Lajoie Isabelle, Tancredi Felipe B, Hoge Richard D
Département de physiologie moléculaire et intégrative, Institut de génie biomédical, Université de Montréal, Montreal, Quebec, Canada.
Department of Neurology and Neurosurgery, Montreal Neurological Institute, McGill University, Montreal, Quebec, Canada.
PLoS One. 2017 Mar 31;12(3):e0174932. doi: 10.1371/journal.pone.0174932. eCollection 2017.

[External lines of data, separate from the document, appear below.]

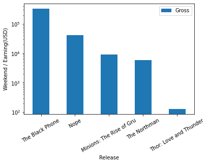 grossDf.plot(kind='bar',logy=True,ylabel="Weekend / Earning(USD)",rot=30) # rot를 바꿔주기는 하지만 여전히 보기 좋지 않음
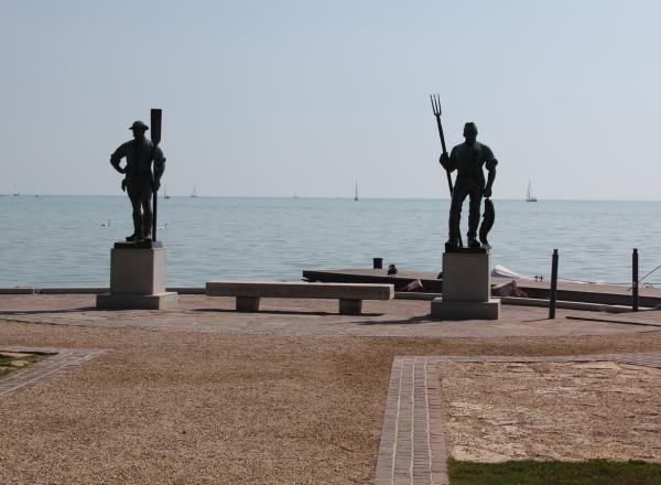 В начале набережной установлен памятник двум главным местным трудовым профессиям: моряку и изготовителю палинки, венгерской водки.
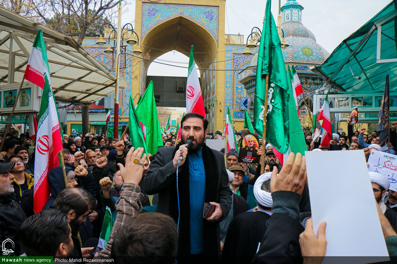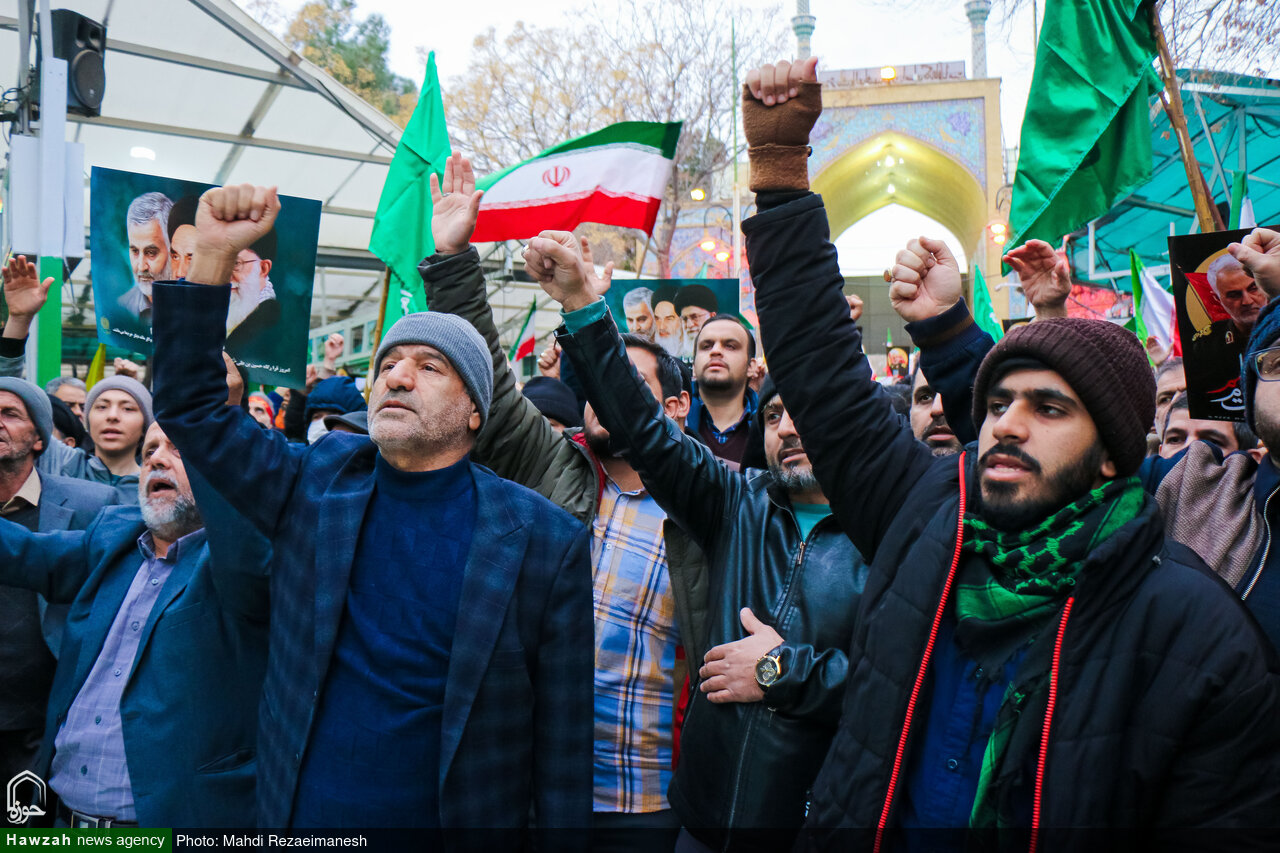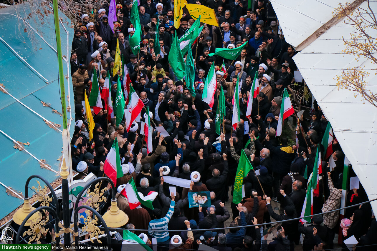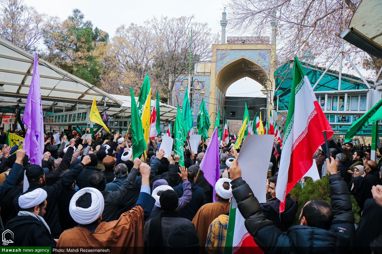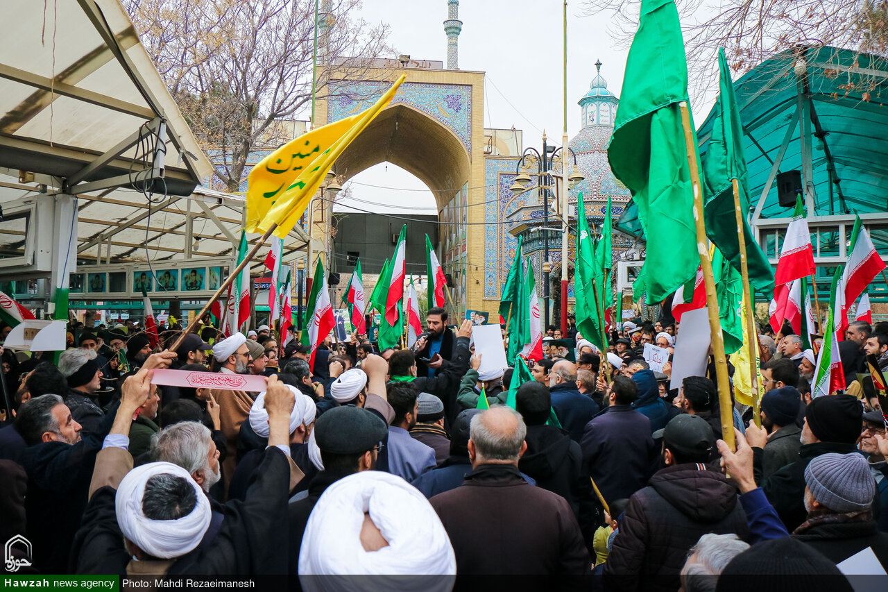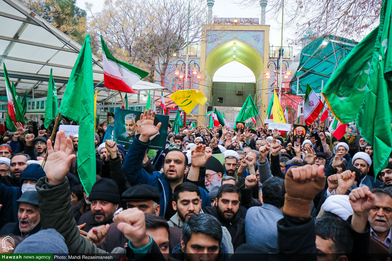 حوزه/ تجمع مدافعان حرم در حمایت از جمهوری اسلامی ایران با حضور پر شور مردم از گلزار شهدا به سمت حرم حضرت موسی مبرقع(ع) قم برگزار شد.
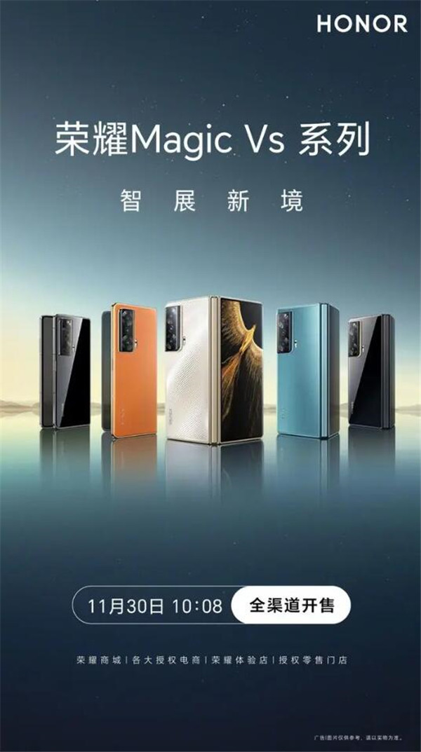 11 月 30 日消息,11 月 23 日,荣耀正式发布新一代旗舰折叠屏手机 —— 荣耀 Magic Vs 系列,今日 10 : 08 新机正式开售,售价 7499 元起。

Recent calibrated fMRI techniques using combined hypercapnia and hyperoxia allow the mapping of resting cerebral metabolic rate of oxygen (CMRO2) in absolute units, oxygen extraction fraction (OEF) and calibration parameter M (maximum BOLD). The adoption of such technique necessitates knowledge about the precision and accuracy of the model-derived parameters. One of the factors that may impact the precision and accuracy is the level of oxygen provided during periods of hyperoxia (HO). A high level of oxygen may bring the BOLD responses closer to the maximum M value, and hence reduce the error associated with the M interpolation. However, an increased concentration of paramagnetic oxygen in the inhaled air may result in a larger susceptibility area around the frontal sinuses and nasal cavity. Additionally, a higher O2 level may generate a larger arterial blood T1 shortening, which require a bigger cerebral blood flow (CBF) T1 correction. To evaluate the impact of inspired oxygen levels on M, OEF and CMRO2 estimates, a cohort of six healthy adults underwent two different protocols: one where 60% of O2 was administered during HO (low HO or LHO) and one where 100% O2 was administered (high HO or HHO). The QUantitative O2 (QUO2) MRI approach was employed, where CBF and R2* are simultaneously acquired during periods of hypercapnia (HC) and hyperoxia, using a clinical 3 T scanner. Scan sessions were repeated to assess repeatability of results at the different O2 levels. Our T1 values during periods of hyperoxia were estimated based on an empirical ex-vivo relationship between T1 and the arterial partial pressure of O2. As expected, our T1 estimates revealed a larger T1 shortening in arterial blood when administering 100% O2 relative to 60% O2 (T1LHO = 1.56±0.01 sec vs. T1HHO = 1.47±0.01 sec, P < 4*10-13). In regard to the susceptibility artifacts, the patterns and number of affected voxels were comparable irrespective of the O2 concentration. Finally, the model-derived estimates were consistent regardless of the HO levels, indicating that the different effects are adequately accounted for within the model.
最近使用高碳酸血症和高氧联合的校准功能磁共振成像技术能够以绝对单位绘制静息脑氧代谢率(CMRO2)、氧摄取分数(OEF)和校准参数M(最大血氧水平依赖信号,BOLD)。采用这种技术需要了解模型衍生参数的精度和准确性。可能影响精度和准确性的因素之一是高氧(HO)期间提供的氧气水平。高氧水平可能会使BOLD反应更接近最大M值,从而减少与M插值相关的误差。然而,吸入空气中顺磁性氧浓度的增加可能会导致额窦和鼻腔周围更大的磁化率区域。此外,更高的氧气水平可能会产生更大的动脉血T1缩短,这需要更大的脑血流量(CBF)T1校正。为了评估吸入氧气水平对M、OEF和CMRO2估计值的影响,一组六名健康成年人接受了两种不同的方案:一种是在高氧期间给予60%的氧气(低高氧或LHO),另一种是给予100%的氧气(高高氧或HHO)。采用定量氧(QUO2)MRI方法,在高碳酸血症(HC)和高氧期间使用临床3T扫描仪同时采集CBF和R2*。重复扫描会话以评估不同氧气水平下结果的可重复性。我们在高氧期间的T1值是根据T1与动脉血氧分压之间的经验性体外关系估计的。正如预期的那样,我们的T1估计显示,相对于60%的氧气,给予100%的氧气时动脉血中的T1缩短更大(T1LHO = 1.56±0.01秒 vs. T1HHO = 1.47±0.01秒,P < 4×10-13)。关于磁化率伪影,无论氧气浓度如何,受影响体素的模式和数量都是可比的。最后,无论高氧水平如何,模型衍生的估计值都是一致的,这表明不同的影响在模型中得到了充分的考虑。